HOW TO COMPLETE THIS TASK: Find the word "love" in the listing. Copy out each line where it occurs.

GIVEN DATA:
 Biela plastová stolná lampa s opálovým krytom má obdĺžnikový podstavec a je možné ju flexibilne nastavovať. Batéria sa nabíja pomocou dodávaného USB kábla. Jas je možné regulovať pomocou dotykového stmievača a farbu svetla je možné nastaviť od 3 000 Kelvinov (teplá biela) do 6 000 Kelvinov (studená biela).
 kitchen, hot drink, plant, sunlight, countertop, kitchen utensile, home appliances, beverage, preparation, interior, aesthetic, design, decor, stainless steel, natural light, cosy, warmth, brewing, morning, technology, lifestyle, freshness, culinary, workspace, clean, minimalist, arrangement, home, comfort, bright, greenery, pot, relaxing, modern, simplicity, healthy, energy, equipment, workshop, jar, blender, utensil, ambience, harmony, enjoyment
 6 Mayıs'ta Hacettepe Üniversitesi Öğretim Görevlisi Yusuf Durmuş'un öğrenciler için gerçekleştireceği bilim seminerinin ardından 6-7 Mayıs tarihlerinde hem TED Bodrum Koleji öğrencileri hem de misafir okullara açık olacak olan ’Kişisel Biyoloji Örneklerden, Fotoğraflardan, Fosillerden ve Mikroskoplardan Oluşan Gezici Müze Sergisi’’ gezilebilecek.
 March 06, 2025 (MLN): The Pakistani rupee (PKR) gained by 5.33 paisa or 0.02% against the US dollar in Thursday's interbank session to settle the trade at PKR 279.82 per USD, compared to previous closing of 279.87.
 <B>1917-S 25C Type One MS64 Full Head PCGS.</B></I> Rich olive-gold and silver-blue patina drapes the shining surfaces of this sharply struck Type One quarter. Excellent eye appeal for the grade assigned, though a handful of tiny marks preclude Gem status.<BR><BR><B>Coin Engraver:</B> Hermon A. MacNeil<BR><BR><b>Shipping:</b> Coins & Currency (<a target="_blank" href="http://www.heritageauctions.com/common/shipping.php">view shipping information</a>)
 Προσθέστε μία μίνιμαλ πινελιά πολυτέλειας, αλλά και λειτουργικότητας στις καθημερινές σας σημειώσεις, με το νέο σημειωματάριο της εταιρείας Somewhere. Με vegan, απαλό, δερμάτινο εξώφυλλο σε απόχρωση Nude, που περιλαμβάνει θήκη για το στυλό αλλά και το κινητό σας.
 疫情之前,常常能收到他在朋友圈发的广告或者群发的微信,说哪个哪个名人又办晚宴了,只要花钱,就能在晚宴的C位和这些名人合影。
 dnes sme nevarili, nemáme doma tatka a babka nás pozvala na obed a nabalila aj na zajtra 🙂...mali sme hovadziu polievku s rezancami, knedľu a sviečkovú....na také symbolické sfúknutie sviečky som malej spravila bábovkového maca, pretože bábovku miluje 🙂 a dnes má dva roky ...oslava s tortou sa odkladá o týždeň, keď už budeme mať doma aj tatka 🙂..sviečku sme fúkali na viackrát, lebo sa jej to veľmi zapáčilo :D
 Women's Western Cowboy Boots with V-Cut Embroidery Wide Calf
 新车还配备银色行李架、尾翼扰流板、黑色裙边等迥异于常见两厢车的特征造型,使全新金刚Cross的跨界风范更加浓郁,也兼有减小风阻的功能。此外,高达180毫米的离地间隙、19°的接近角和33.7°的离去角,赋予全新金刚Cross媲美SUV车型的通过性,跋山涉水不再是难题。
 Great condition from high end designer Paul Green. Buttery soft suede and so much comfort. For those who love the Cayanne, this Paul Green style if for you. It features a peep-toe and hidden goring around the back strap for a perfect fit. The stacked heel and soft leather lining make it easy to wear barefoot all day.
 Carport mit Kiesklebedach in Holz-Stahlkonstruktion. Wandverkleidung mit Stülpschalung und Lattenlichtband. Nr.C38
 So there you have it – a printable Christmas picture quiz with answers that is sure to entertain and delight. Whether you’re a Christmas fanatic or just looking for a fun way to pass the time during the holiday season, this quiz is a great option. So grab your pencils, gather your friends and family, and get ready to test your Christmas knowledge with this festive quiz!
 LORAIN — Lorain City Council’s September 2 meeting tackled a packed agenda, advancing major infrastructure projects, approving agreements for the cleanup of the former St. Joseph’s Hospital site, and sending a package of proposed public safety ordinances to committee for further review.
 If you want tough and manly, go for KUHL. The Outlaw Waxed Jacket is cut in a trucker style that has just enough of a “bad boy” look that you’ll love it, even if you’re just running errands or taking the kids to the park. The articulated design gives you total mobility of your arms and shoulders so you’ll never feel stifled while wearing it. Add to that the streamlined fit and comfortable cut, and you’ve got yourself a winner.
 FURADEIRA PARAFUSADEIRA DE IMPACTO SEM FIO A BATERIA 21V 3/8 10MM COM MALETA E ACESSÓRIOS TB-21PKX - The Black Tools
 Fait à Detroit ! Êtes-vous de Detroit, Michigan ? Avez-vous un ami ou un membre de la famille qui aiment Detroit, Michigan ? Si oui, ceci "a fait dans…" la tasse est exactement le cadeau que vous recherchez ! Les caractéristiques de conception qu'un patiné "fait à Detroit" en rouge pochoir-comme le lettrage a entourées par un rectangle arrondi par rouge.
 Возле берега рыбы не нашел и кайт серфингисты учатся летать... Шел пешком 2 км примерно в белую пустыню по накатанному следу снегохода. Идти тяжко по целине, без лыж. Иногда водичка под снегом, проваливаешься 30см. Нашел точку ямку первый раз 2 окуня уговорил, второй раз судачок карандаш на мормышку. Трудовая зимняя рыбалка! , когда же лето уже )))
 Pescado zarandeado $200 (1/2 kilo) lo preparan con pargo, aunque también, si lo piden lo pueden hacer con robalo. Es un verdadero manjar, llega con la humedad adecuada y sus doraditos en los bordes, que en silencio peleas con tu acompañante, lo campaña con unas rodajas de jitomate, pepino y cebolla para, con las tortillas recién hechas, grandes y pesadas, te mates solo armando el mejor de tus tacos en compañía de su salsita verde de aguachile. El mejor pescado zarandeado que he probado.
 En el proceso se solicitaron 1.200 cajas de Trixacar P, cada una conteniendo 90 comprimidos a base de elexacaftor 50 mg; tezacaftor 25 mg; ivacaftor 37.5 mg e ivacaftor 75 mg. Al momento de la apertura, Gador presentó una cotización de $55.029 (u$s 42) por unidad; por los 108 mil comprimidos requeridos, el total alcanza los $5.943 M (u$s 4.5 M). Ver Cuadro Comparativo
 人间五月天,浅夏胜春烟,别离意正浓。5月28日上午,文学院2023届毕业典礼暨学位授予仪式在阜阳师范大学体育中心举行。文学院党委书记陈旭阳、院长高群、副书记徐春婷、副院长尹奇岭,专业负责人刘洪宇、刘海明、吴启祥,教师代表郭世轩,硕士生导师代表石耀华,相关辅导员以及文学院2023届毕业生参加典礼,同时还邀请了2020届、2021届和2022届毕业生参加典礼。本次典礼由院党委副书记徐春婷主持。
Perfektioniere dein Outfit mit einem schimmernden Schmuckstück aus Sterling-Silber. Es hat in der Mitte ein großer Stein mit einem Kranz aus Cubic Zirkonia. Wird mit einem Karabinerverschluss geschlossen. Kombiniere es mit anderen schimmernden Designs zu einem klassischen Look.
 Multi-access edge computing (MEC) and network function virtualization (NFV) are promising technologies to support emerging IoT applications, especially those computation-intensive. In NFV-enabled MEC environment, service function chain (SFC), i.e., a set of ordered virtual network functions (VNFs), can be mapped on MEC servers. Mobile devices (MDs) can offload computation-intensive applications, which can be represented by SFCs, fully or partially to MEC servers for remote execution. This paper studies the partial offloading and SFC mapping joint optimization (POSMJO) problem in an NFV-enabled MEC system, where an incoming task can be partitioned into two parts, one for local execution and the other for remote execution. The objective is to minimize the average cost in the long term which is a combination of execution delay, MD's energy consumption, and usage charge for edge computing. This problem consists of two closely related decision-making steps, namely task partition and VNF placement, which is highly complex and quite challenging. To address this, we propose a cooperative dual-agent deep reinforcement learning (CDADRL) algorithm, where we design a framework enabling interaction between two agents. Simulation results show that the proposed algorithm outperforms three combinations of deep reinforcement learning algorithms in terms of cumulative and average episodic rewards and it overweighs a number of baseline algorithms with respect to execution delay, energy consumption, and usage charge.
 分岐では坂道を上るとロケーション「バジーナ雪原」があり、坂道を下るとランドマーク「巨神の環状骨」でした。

OUTPUT OF THE TASK:
 Great condition from high end designer Paul Green. Buttery soft suede and so much comfort. For those who love the Cayanne, this Paul Green style if for you. It features a peep-toe and hidden goring around the back strap for a perfect fit. The stacked heel and soft leather lining make it easy to wear barefoot all day.
 If you want tough and manly, go for KUHL. The Outlaw Waxed Jacket is cut in a trucker style that has just enough of a “bad boy” look that you’ll love it, even if you’re just running errands or taking the kids to the park. The articulated design gives you total mobility of your arms and shoulders so you’ll never feel stifled while wearing it. Add to that the streamlined fit and comfortable cut, and you’ve got yourself a winner.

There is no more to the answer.